Top of SOURCE RECORDS

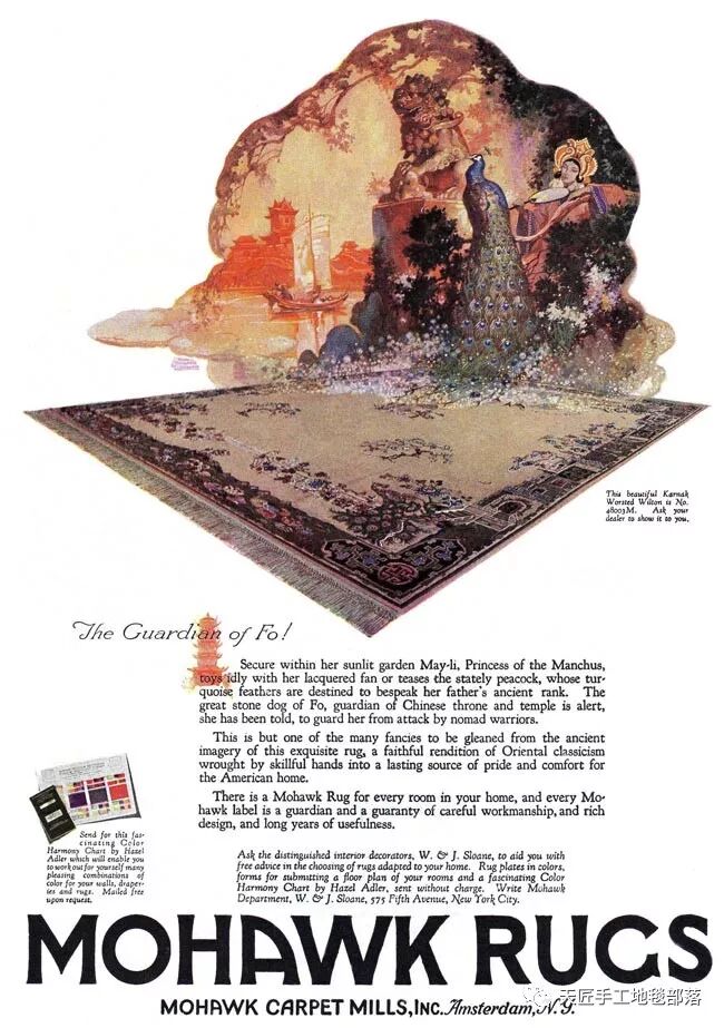 手工打結地毯歷史悠久,也被老外稱(chēng)之為“東方地毯”Oriental Rug, 因為這種地毯誕生于東方國家,包括伊朗、印度、中國等,而東方地毯近百年來(lái)都被老外追捧,比如在美國,上世紀20年代,就有一家公司,在雜志上瘋狂做廣告,推銷(xiāo)東方地毯,這家公司的名字以M開(kāi)頭,當然如今也依然在美國做著(zhù)地毯生意,但已經(jīng)轉向了機制地毯。但那些年曾經(jīng)做的手工地毯廣告,可謂腦洞清奇,給人留下了深刻的印象。下圖是他們其中一則廣告。
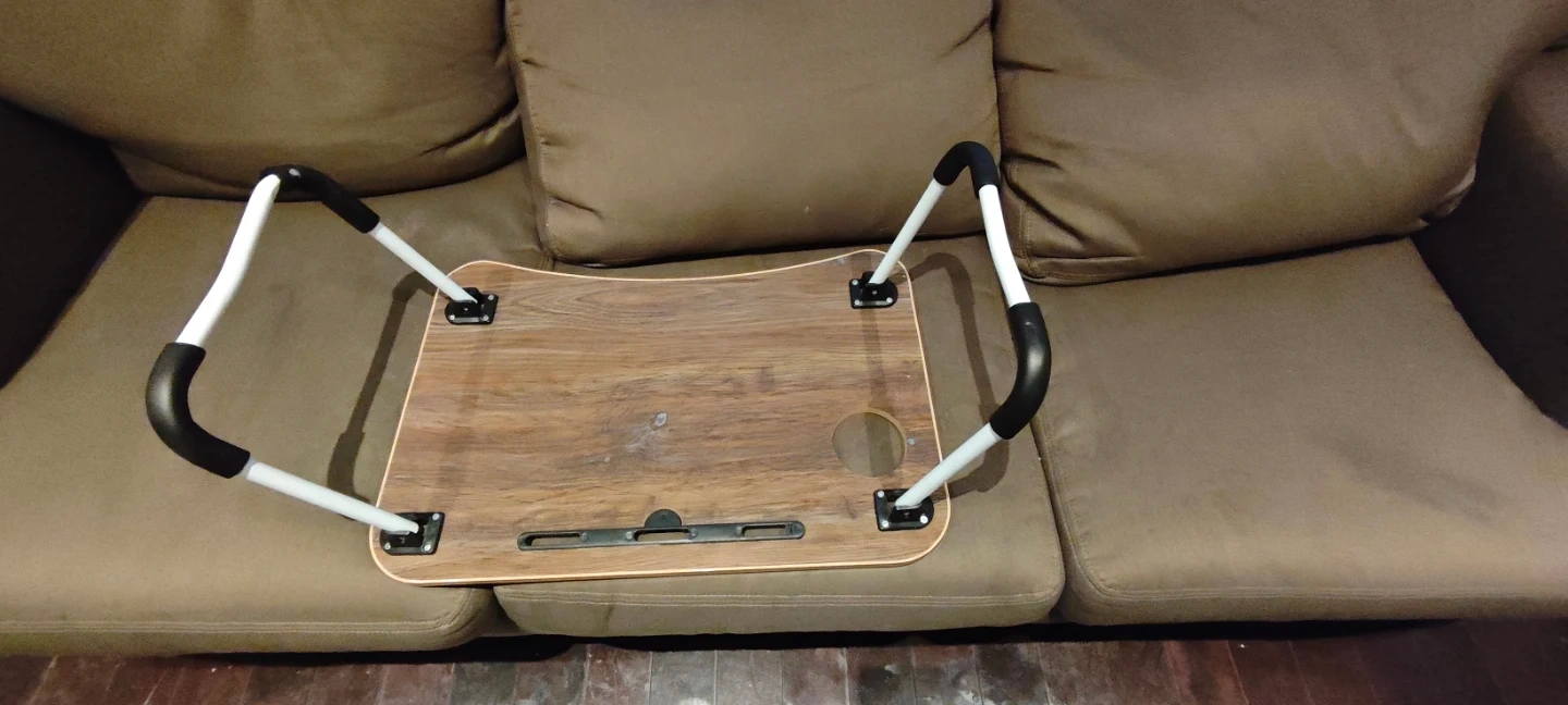 Selling a foldable laptop bed desk. It's super handy for working or relaxing in bed or on the couch. It features a cup holder and a slot for your tablet or phone. The legs fold easily for storage, making it lightweight and portable
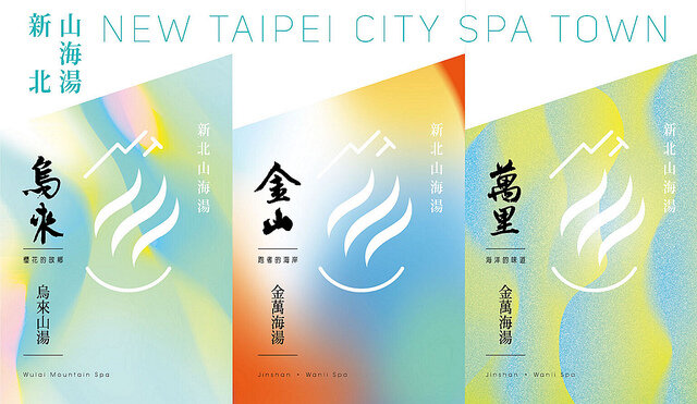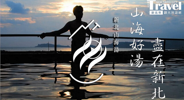 新北山海湯的品牌主視覺設計,由國際級設計師蕭青陽設計,以簡潔線條呈現,山形隱藏了新北市 New Taipei 的英文縮寫 NT,三條斜波紋代表溫泉、海浪及新北的山川瀑布,而圓弧曲線既完整了溫泉的意象,也是新北市對遊客們的歡迎邀請。
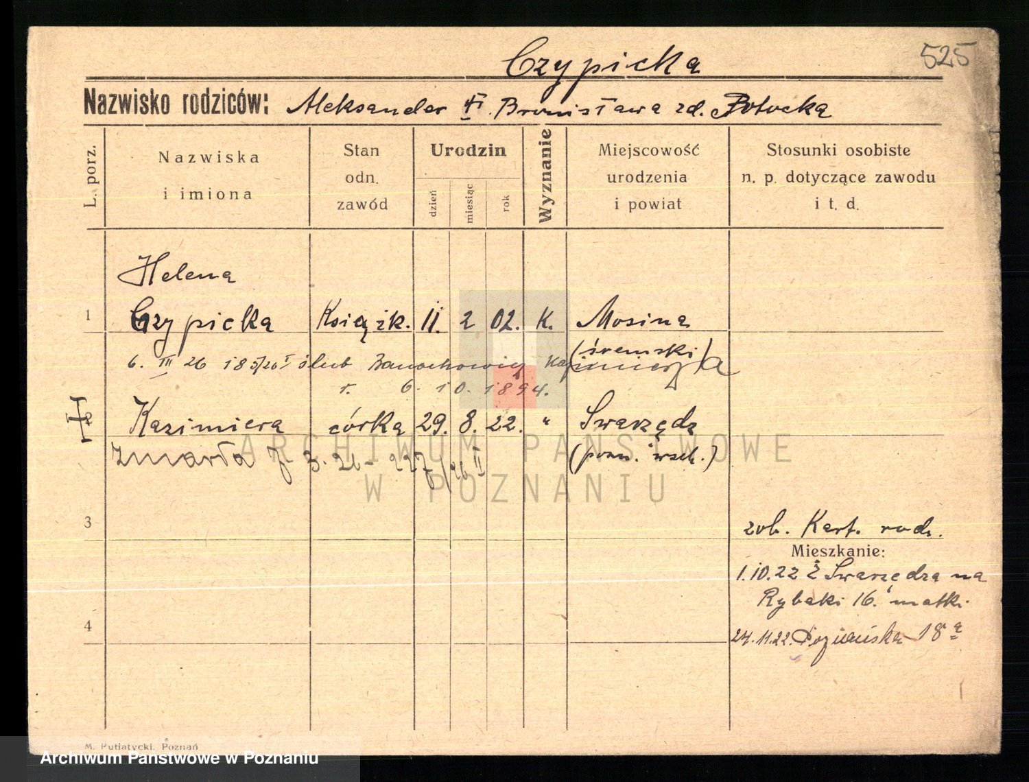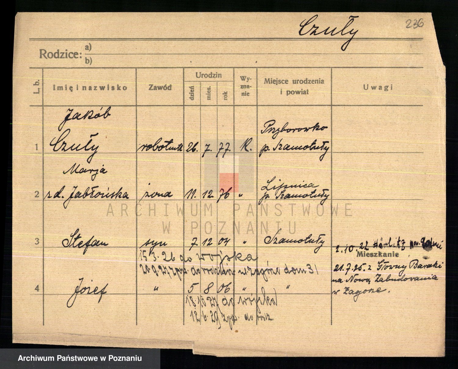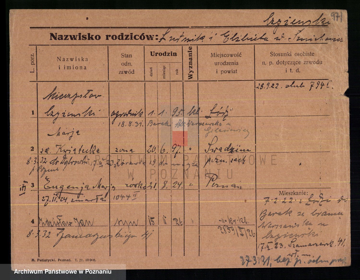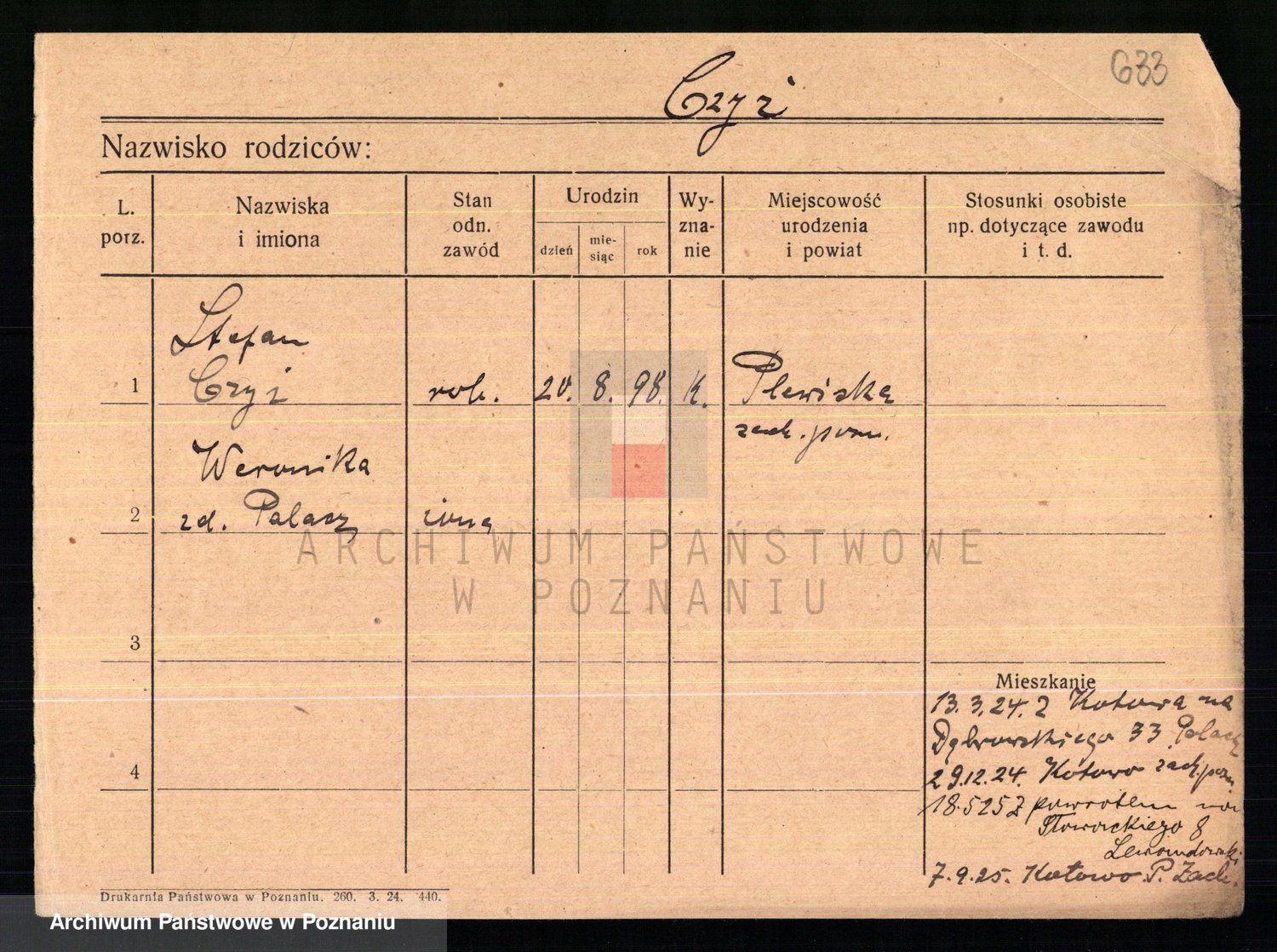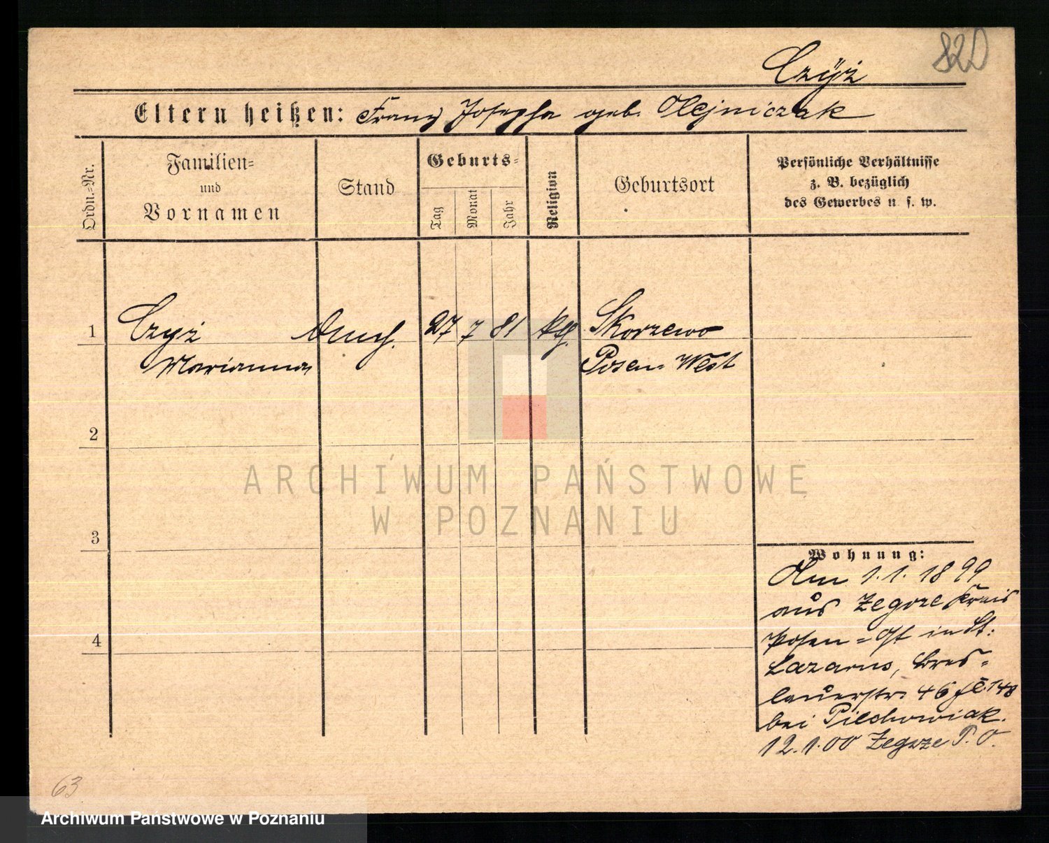 Podgląd karty osobowej dostępny jest po kliknięciu na nazwisko lub ikonkę karty. Można dokonywać powiększenia (ikony na górze) lub przechodzić między kolejnymi skanami (strzałki po bokach).
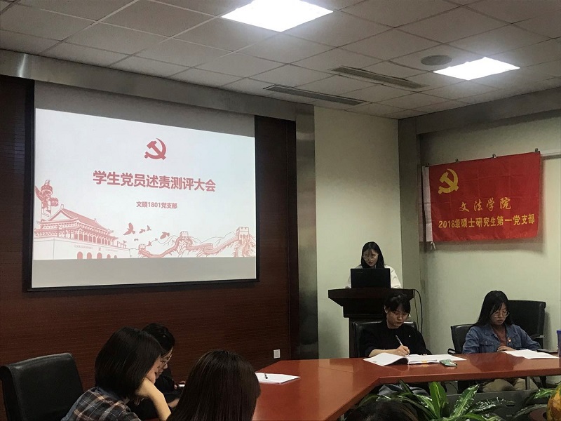 5月21日18:30,文硕1801党支部在文管学馆A202开展党员述职测评大会。本次活动由2018级硕士辅导员姜冬、党支部全体党员与班级全体成员共同参与,党支部书记尤田甜主持。

Bottom of SOURCE RECORDS

■ **WORK ITEM**:
Of the entries above, print exactly those lines that run from the one containing "Selling a foldable" through the last line, excluding any pictures.

■ **WRITTEN ANSWER**:
 Selling a foldable laptop bed desk. It's super handy for working or relaxing in bed or on the couch. It features a cup holder and a slot for your tablet or phone. The legs fold easily for storage, making it lightweight and portable
 新北山海湯的品牌主視覺設計,由國際級設計師蕭青陽設計,以簡潔線條呈現,山形隱藏了新北市 New Taipei 的英文縮寫 NT,三條斜波紋代表溫泉、海浪及新北的山川瀑布,而圓弧曲線既完整了溫泉的意象,也是新北市對遊客們的歡迎邀請。
 Podgląd karty osobowej dostępny jest po kliknięciu na nazwisko lub ikonkę karty. Można dokonywać powiększenia (ikony na górze) lub przechodzić między kolejnymi skanami (strzałki po bokach).
 5月21日18:30,文硕1801党支部在文管学馆A202开展党员述职测评大会。本次活动由2018级硕士辅导员姜冬、党支部全体党员与班级全体成员共同参与,党支部书记尤田甜主持。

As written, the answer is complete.